Gifts of Grace

By grace

Making Waves

Today's earthquake in Japan, and in particular the aerial footage of the tsunami rushing ashore, drew me to my sit-spot despite the cold, grey day. I needed to contemplate, not just think, not just feel, both at once, and neither.

I remember when I first read about tectonic plates as a teenager, how mysterious and important they seemed. I walked the beach trying to imagine the ground shifting beneath me. Really, I could not. I could try, but my mind could not go there.

Watching the waves I felt how this body of water is connected to all the oceans of the world. It is in this same water that bodies break, buildings drown, cars float. Now, as I watch these waves, type these words our world is awash, shocked, fearful, tearful.

We say our hearts go out, we say our thoughts are there in Christchurch, in Tokyo. New Zealand blippers write of their experiences in ways that touch the heart more than any news report, more than any charitable donation. What is this doing to us? What does the Twitter feed, the Facebook frenzy do to us when real people tell us what it's like for them to be in Cairo or Benghazzi? And what, really, do we think is happening on our planet?
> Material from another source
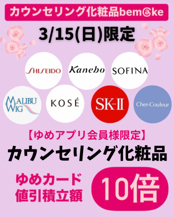 アプリ会員様限定!カウンセリング化粧… 1階カウンセリング化粧品bem@keより 3/1… 11時間前

Until quite recently I was deeply sceptical about all this 2012 'end of time' stuff. I preferred to simply observe the different ways this is presented - all doom and gloom, the end of life as we know it, or the coming of a new age. It was the latter that raised the hackles of my scepticism, I'm allergic to almost everything 'New Age.'

But I do wonder. I know that each disaster, each crisis makes me a little kinder - to myself and to the people around me. I know that I cry for people who I'll never meet and that each tear opens my heart a little more. I know that I am grateful when people share their stories, their sorrows, joys and confusions. And I have come to feel that perhaps there is a meaningful change afoot on our planet, that everything we do, think and feel IS part of that and that Joy's Compass IS our guide.